● Directions
Only one portion of the data is to be written out: from the line bearing "Again in France, Robinson" through the line bearing "- Для начала". Write it exactly as it appears.

● Exercise input
····················

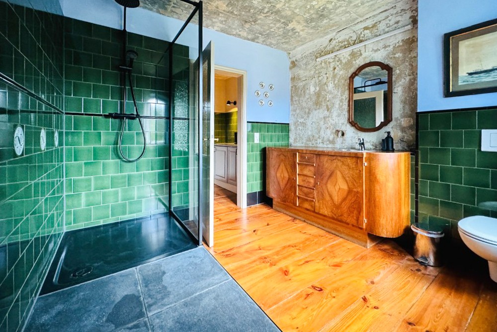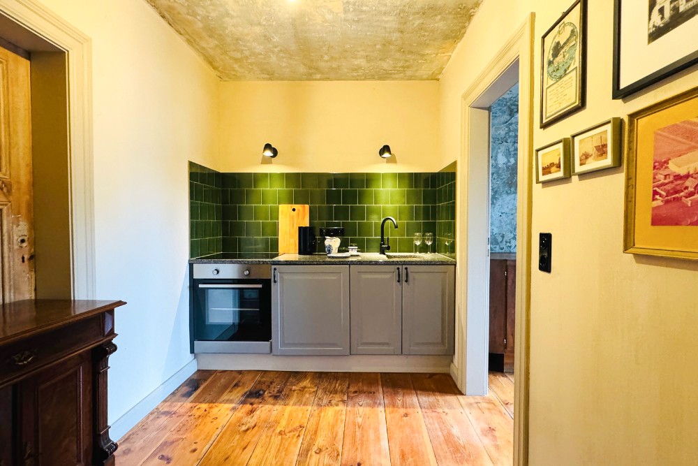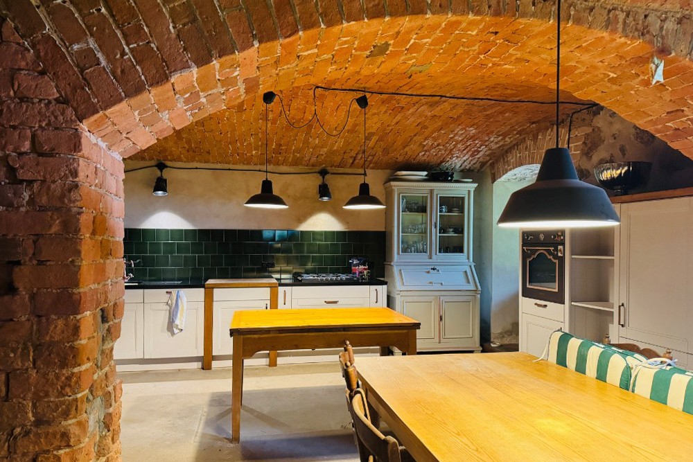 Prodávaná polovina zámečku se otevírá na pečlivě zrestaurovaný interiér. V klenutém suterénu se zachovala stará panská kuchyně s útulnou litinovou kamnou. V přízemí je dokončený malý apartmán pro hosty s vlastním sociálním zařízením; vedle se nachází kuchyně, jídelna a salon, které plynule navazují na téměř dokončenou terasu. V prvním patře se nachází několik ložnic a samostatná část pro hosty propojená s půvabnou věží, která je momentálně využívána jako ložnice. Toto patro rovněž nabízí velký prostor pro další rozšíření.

····················

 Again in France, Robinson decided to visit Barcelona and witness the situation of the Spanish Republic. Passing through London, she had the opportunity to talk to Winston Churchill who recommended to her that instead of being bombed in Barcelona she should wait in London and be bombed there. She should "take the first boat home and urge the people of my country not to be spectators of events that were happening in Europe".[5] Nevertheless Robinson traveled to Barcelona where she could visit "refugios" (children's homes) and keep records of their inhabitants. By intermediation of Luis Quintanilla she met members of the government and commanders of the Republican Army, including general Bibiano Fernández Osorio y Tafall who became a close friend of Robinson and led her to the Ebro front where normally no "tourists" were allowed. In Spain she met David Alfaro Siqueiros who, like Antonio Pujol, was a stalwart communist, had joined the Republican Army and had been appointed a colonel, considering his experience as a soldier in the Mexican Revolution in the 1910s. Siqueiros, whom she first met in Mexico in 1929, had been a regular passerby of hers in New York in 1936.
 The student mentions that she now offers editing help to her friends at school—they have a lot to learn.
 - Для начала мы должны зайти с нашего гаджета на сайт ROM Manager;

····················

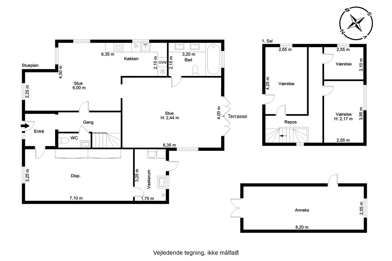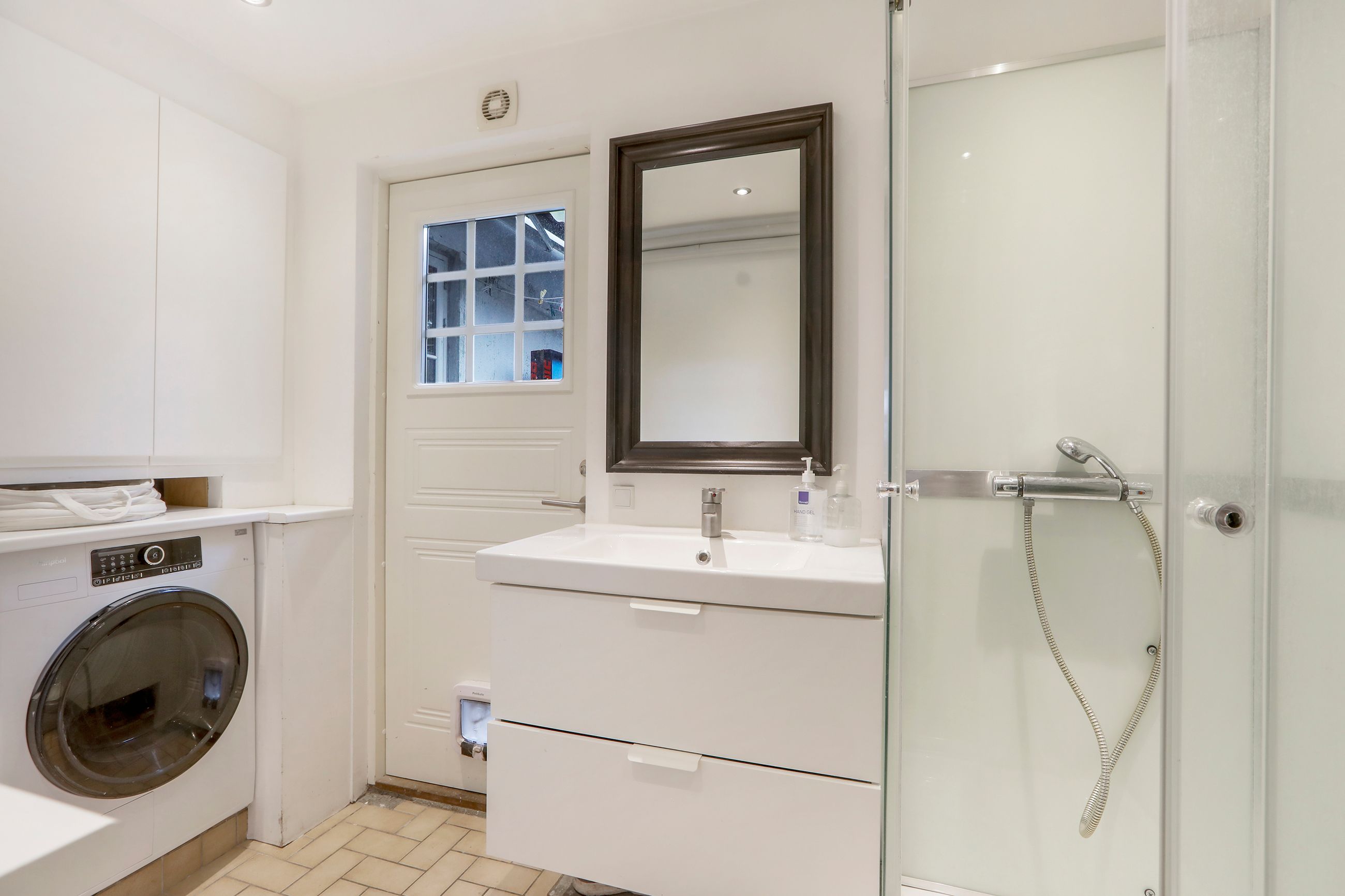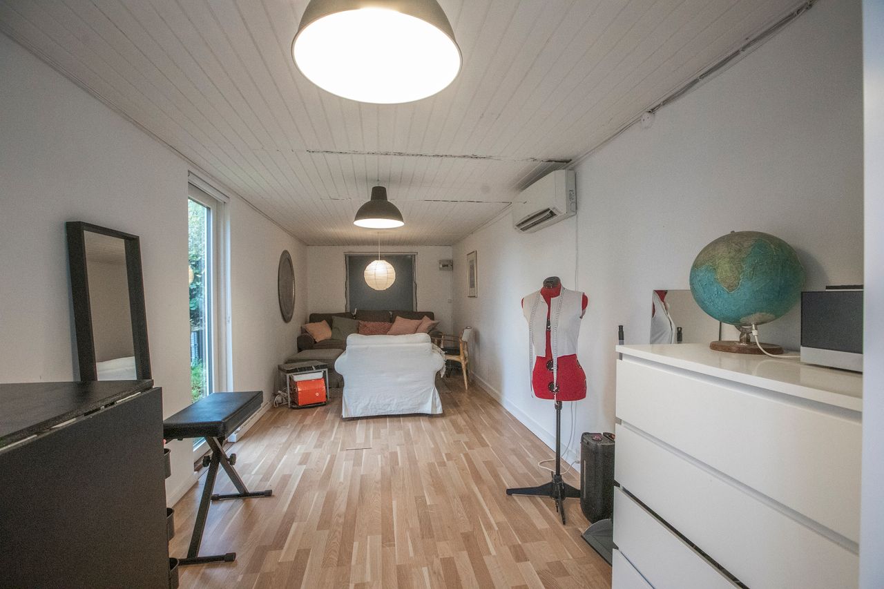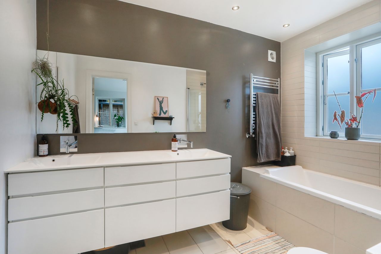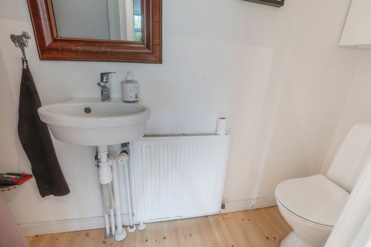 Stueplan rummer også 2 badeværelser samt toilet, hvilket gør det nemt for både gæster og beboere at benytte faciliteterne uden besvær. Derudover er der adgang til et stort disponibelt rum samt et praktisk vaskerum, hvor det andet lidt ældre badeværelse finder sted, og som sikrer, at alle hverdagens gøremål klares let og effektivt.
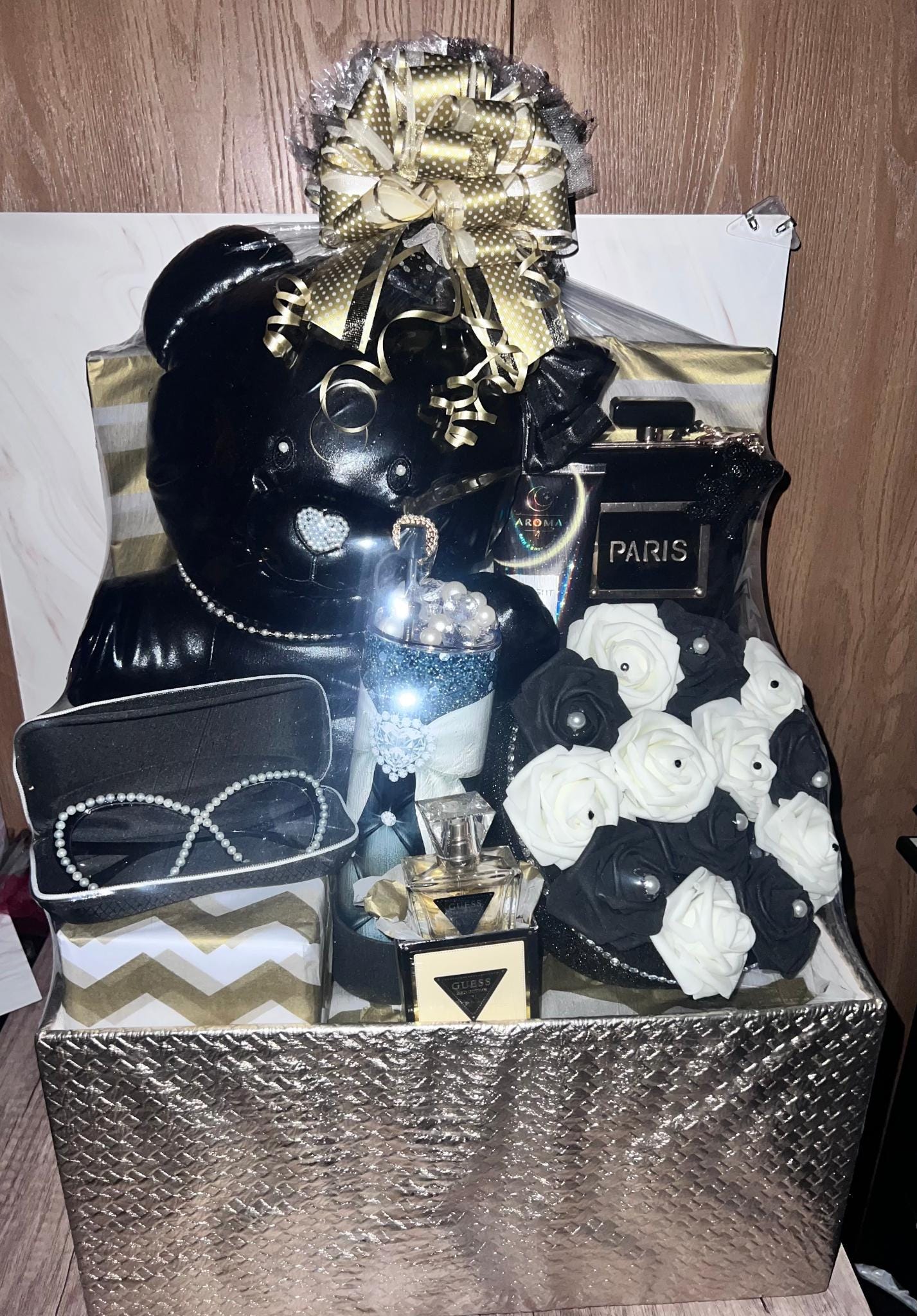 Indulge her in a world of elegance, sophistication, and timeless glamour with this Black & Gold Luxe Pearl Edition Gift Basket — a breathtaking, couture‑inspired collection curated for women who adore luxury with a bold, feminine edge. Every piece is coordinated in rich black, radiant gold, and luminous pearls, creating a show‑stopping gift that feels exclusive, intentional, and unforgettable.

····················

● Answer for this exercise
 Again in France, Robinson decided to visit Barcelona and witness the situation of the Spanish Republic. Passing through London, she had the opportunity to talk to Winston Churchill who recommended to her that instead of being bombed in Barcelona she should wait in London and be bombed there. She should "take the first boat home and urge the people of my country not to be spectators of events that were happening in Europe".[5] Nevertheless Robinson traveled to Barcelona where she could visit "refugios" (children's homes) and keep records of their inhabitants. By intermediation of Luis Quintanilla she met members of the government and commanders of the Republican Army, including general Bibiano Fernández Osorio y Tafall who became a close friend of Robinson and led her to the Ebro front where normally no "tourists" were allowed. In Spain she met David Alfaro Siqueiros who, like Antonio Pujol, was a stalwart communist, had joined the Republican Army and had been appointed a colonel, considering his experience as a soldier in the Mexican Revolution in the 1910s. Siqueiros, whom she first met in Mexico in 1929, had been a regular passerby of hers in New York in 1936.
 The student mentions that she now offers editing help to her friends at school—they have a lot to learn.
 - Для начала мы должны зайти с нашего гаджета на сайт ROM Manager;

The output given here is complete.